Selasa, 16 Februari 2010

Newsweek's Lisa Miller on "Harvard's Crisis of Faith"

Randall Stephens

Just got the latest issue of Newsweek in the mail today. And, behold, there's this very interesting article on Harvard University's trouble with religion in the curriculum. (Lisa Miller, "Harvard’s Crisis of Faith," Newsweek, February 11, 2010.) So while the Texas board of education is intent on getting the word out to students that the founders were born-again believers, many of Harvard's cultured-despiser profs would rather their students spend more time learning about anything but religion. (I exaggerate.)

Miller discusses a 2006 proposal floated by Louis Menand "that undergraduate students should be required to take at least one course in a category called Reason and Faith." Harvard's evolutionary psychologist Steven Pinker, and a host of others, said no thanks.

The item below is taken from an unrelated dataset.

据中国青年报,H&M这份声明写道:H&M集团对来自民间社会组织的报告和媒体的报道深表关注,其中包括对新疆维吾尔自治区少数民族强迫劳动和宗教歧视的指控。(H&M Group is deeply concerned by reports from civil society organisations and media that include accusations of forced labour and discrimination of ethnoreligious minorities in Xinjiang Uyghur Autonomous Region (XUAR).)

Miller observes that for Pinker:

human progress is an evolution away from superstition, witchcraft, and idol worship—that is, religion—and toward something like a Scandinavian austerity and secularism. (Pinker is one of those intellectuals who speak frequently about how sensible things are in Europe; one suppresses the urge to remind him of the Muslim riots in the Paris and London suburbs.) A university education is our greatest weapon in the battle against our natural stupidity, he said in a recent speech. "We don't kill virgins on an altar, because we know that it would not, in fact, propitiate an angry god and alleviate misfortune on earth."

In Miller's opinion such views haven't served the students all that well. "To decline to grapple head-on with the role of religion in a liberal-arts education," she argues, "even as debates over faith and reason rage on blogs, and as publishers churn out books defending and attacking religious belief, is at best timid and at worst self-defeating. . . . it's fair to say that the study of religion at Harvard is uniquely dysfunctional."

Miller speaks to faculty at Harvard--Peter Gomes and Diana Eck among them--and interviews Robert Orsi, Jeanne Kilde, a collection of others.

"Just because the study of religion does not fit into the narrow categories the university has created for itself," contends Miller, "does not mean that students should not equip themselves—in a rational, secular context—with a vocabulary for thinking about it."

A very intriguing piece, made all the more relevant by the recent buzz about the increasing number of historians who are working on religion.